____ SUPPLIED DATA
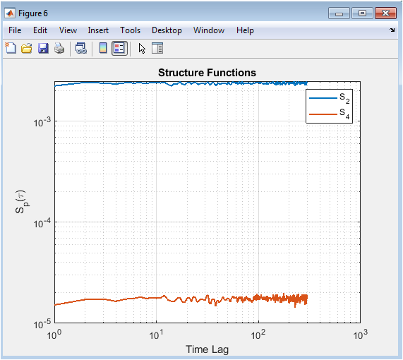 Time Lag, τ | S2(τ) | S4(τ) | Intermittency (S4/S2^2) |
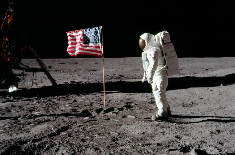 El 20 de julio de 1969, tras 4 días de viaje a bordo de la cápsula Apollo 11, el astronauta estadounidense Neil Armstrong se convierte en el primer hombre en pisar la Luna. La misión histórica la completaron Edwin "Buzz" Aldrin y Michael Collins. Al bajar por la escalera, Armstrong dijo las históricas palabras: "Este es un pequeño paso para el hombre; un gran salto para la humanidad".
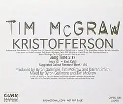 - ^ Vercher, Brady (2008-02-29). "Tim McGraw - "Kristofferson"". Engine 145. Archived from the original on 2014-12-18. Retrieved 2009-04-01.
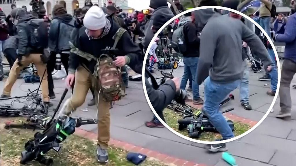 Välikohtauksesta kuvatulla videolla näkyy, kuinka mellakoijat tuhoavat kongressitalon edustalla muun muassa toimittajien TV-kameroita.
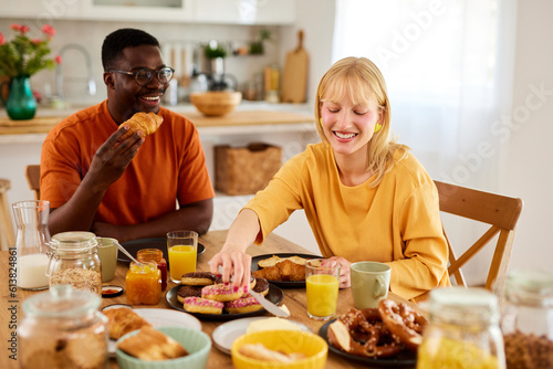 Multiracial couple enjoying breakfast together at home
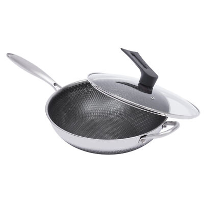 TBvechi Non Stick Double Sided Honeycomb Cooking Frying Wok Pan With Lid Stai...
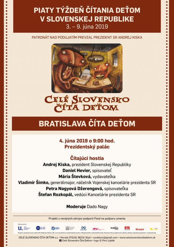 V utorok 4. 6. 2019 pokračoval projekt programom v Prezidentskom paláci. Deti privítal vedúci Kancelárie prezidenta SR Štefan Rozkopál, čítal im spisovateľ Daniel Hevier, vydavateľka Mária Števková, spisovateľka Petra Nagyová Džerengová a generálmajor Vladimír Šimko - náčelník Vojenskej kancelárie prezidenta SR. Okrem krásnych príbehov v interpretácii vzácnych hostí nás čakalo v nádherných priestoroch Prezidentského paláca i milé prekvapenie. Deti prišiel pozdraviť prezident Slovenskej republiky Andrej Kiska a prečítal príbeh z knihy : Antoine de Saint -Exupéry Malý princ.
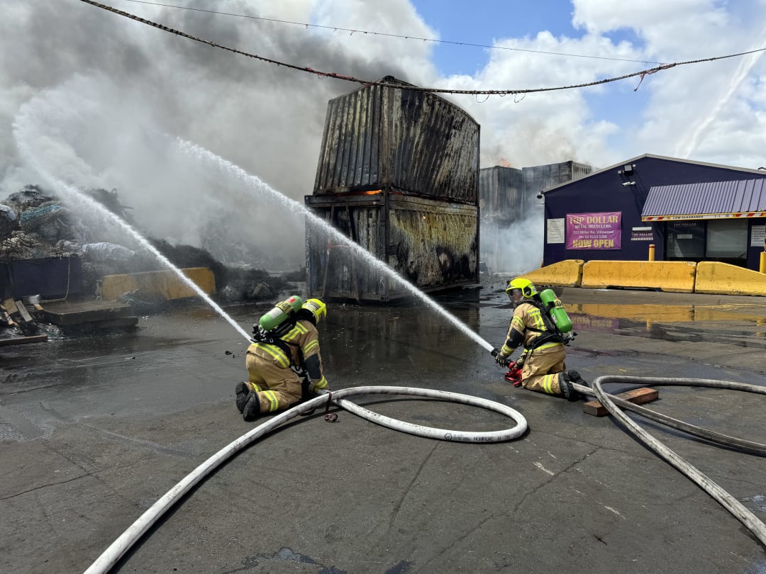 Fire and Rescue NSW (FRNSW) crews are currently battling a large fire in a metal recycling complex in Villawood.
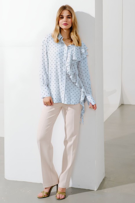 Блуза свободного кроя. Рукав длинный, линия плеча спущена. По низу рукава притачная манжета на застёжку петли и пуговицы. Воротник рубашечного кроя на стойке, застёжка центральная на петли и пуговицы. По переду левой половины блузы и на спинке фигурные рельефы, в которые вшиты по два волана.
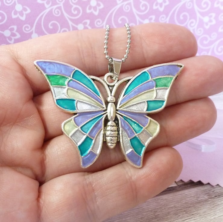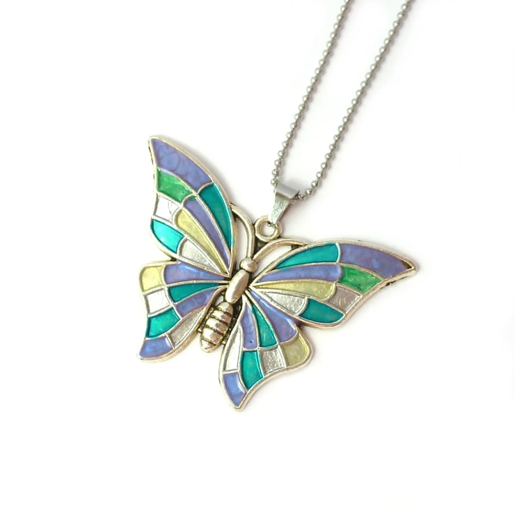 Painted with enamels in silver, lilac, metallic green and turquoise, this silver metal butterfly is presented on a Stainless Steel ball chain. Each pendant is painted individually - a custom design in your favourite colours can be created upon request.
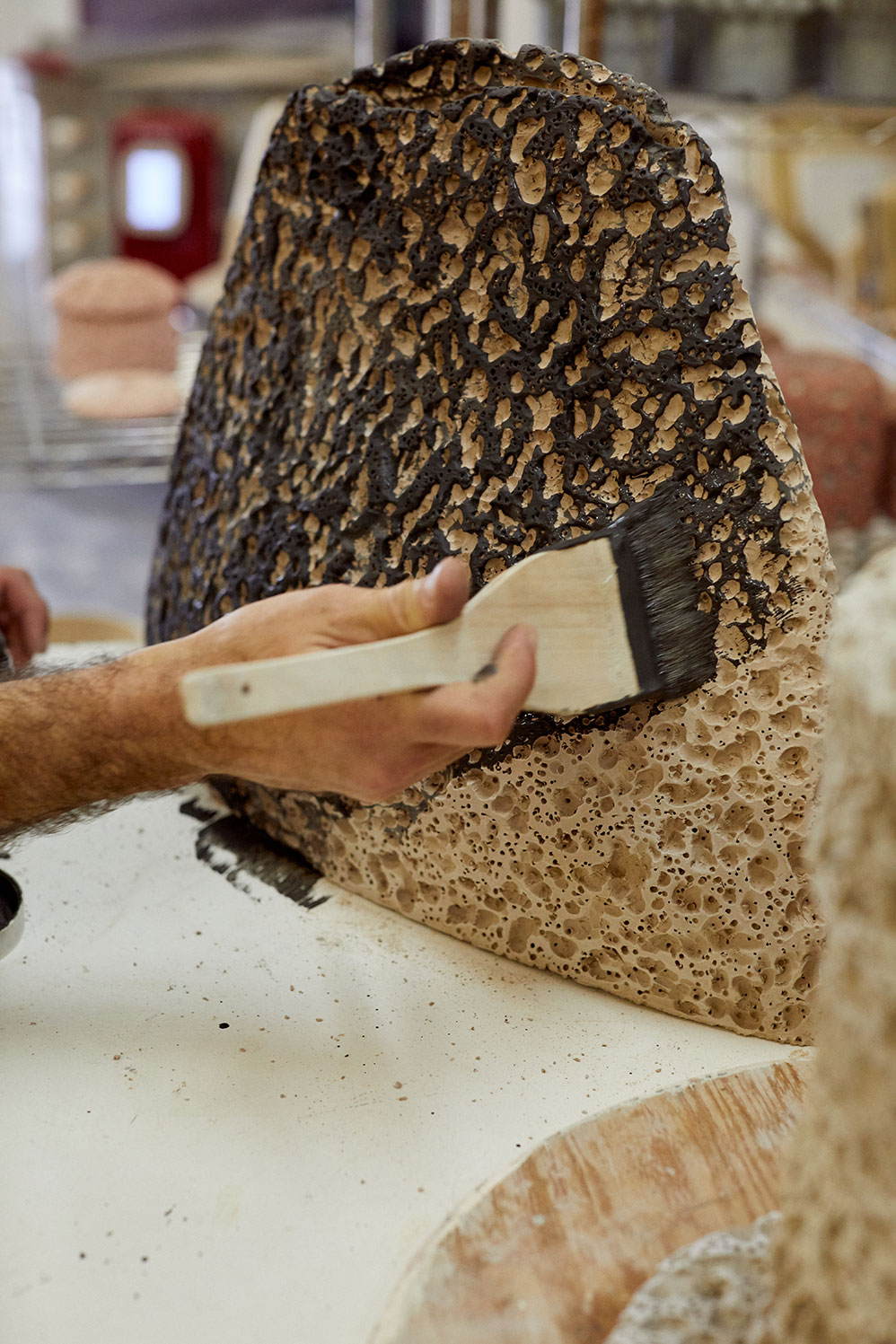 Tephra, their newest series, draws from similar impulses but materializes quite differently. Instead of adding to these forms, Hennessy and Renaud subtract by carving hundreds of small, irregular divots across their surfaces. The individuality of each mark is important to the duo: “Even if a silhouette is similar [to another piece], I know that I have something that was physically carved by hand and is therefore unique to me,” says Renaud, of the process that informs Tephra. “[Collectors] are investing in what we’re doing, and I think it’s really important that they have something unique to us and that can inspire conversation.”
________
### WORK TO BE COMPLETED
What is needed is a verbatim copy of the material, minus its pictures.

### EXERCISE RESPONSE
 Time Lag, τ | S2(τ) | S4(τ) | Intermittency (S4/S2^2) |
 El 20 de julio de 1969, tras 4 días de viaje a bordo de la cápsula Apollo 11, el astronauta estadounidense Neil Armstrong se convierte en el primer hombre en pisar la Luna. La misión histórica la completaron Edwin "Buzz" Aldrin y Michael Collins. Al bajar por la escalera, Armstrong dijo las históricas palabras: "Este es un pequeño paso para el hombre; un gran salto para la humanidad".
 - ^ Vercher, Brady (2008-02-29). "Tim McGraw - "Kristofferson"". Engine 145. Archived from the original on 2014-12-18. Retrieved 2009-04-01.
 Välikohtauksesta kuvatulla videolla näkyy, kuinka mellakoijat tuhoavat kongressitalon edustalla muun muassa toimittajien TV-kameroita.
 Multiracial couple enjoying breakfast together at home
 TBvechi Non Stick Double Sided Honeycomb Cooking Frying Wok Pan With Lid Stai...
 V utorok 4. 6. 2019 pokračoval projekt programom v Prezidentskom paláci. Deti privítal vedúci Kancelárie prezidenta SR Štefan Rozkopál, čítal im spisovateľ Daniel Hevier, vydavateľka Mária Števková, spisovateľka Petra Nagyová Džerengová a generálmajor Vladimír Šimko - náčelník Vojenskej kancelárie prezidenta SR. Okrem krásnych príbehov v interpretácii vzácnych hostí nás čakalo v nádherných priestoroch Prezidentského paláca i milé prekvapenie. Deti prišiel pozdraviť prezident Slovenskej republiky Andrej Kiska a prečítal príbeh z knihy : Antoine de Saint -Exupéry Malý princ.
 Fire and Rescue NSW (FRNSW) crews are currently battling a large fire in a metal recycling complex in Villawood.
 Блуза свободного кроя. Рукав длинный, линия плеча спущена. По низу рукава притачная манжета на застёжку петли и пуговицы. Воротник рубашечного кроя на стойке, застёжка центральная на петли и пуговицы. По переду левой половины блузы и на спинке фигурные рельефы, в которые вшиты по два волана.
 Painted with enamels in silver, lilac, metallic green and turquoise, this silver metal butterfly is presented on a Stainless Steel ball chain. Each pendant is painted individually - a custom design in your favourite colours can be created upon request.
 Tephra, their newest series, draws from similar impulses but materializes quite differently. Instead of adding to these forms, Hennessy and Renaud subtract by carving hundreds of small, irregular divots across their surfaces. The individuality of each mark is important to the duo: “Even if a silhouette is similar [to another piece], I know that I have something that was physically carved by hand and is therefore unique to me,” says Renaud, of the process that informs Tephra. “[Collectors] are investing in what we’re doing, and I think it’s really important that they have something unique to us and that can inspire conversation.”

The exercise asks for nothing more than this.